Leveraging the unique properties of quantum mechanics, Quantum Machine Learning (QML) promises computational breakthroughs and enriched perspectives where traditional systems reach their boundaries. However, similarly to classical machine learning, QML is not immune to adversarial attacks. Quantum adversarial machine learning has become instrumental in highlighting the weak points of QML models when faced with adversarial crafted feature vectors. Diving deep into this domain, our exploration shines light on the interplay between depolarization noise and adversarial robustness. While previous results enhanced robustness from adversarial threats through depolarization noise, our findings paint a different picture. Interestingly, adding depolarization noise discontinued the effect of providing further robustness for a multi-class classification scenario. Consolidating our findings, we conducted experiments with a multi-class classifier adversarially trained on gate-based quantum simulators, further elucidating this unexpected behavior.

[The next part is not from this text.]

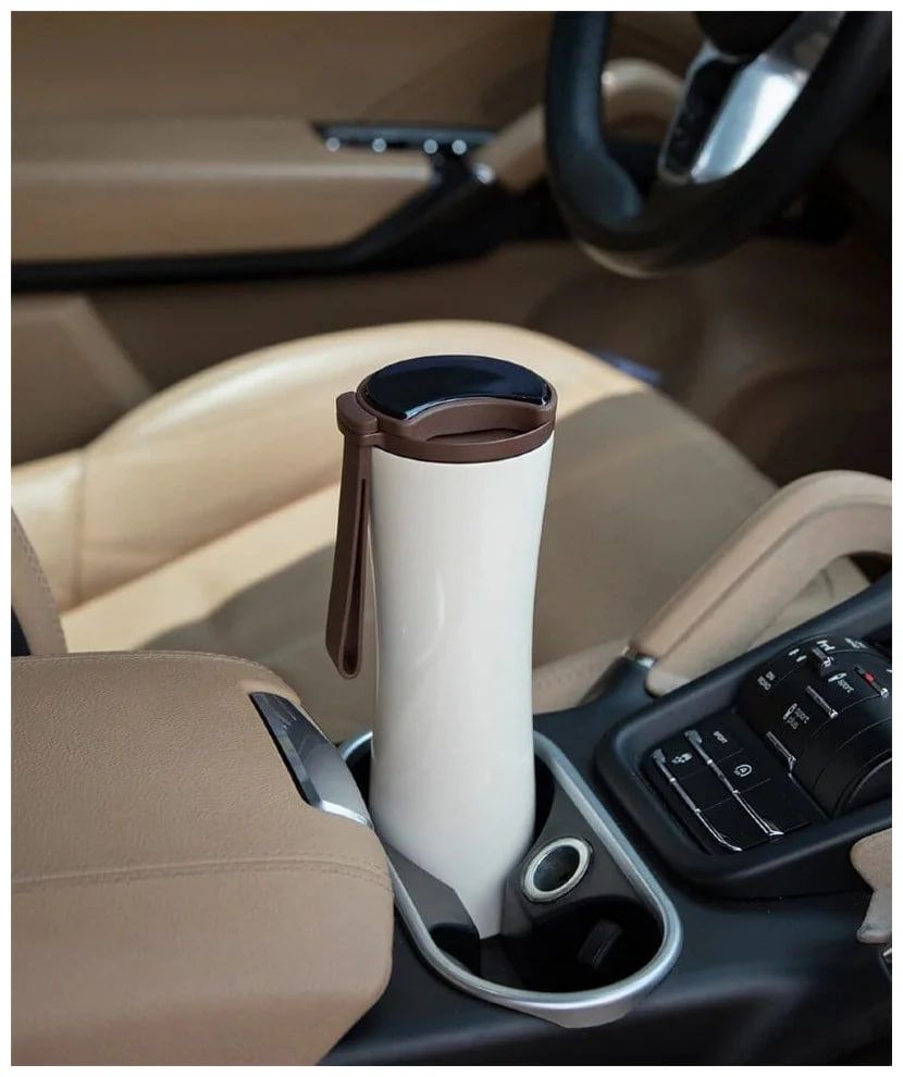 вакуумный, непроливайка, нескользящее дно, носик для питья, отверстие для питья в крышке, ремень для переноски, ручка на корпусе, с датчиком температуры, с ситечком, OLED-дисплей, Отверстие для питья, Термодатчик

翻译：利用量子力学的独特特性，量子机器学习（QML）有望在传统系统达到极限时带来计算突破和新的视角。然而，与经典机器学习类似，QML也并非免疫于对抗性攻击。量子对抗机器学习在揭示QML模型面对精心设计的对抗特征向量时的弱点方面发挥了关键作用。深入这一领域，我们的探索揭示了去极化噪声与对抗鲁棒性之间的相互作用。虽然先前的研究通过去极化噪声增强了对抗威胁下的鲁棒性，但我们的发现呈现出不同的图景。有趣的是，去极化噪声的加入中断了在多类分类场景中提供进一步鲁棒性的效果。为了巩固我们的发现，我们使用基于门的量子模拟器对多类分类器进行了对抗性训练实验，进一步阐明了这一意外行为。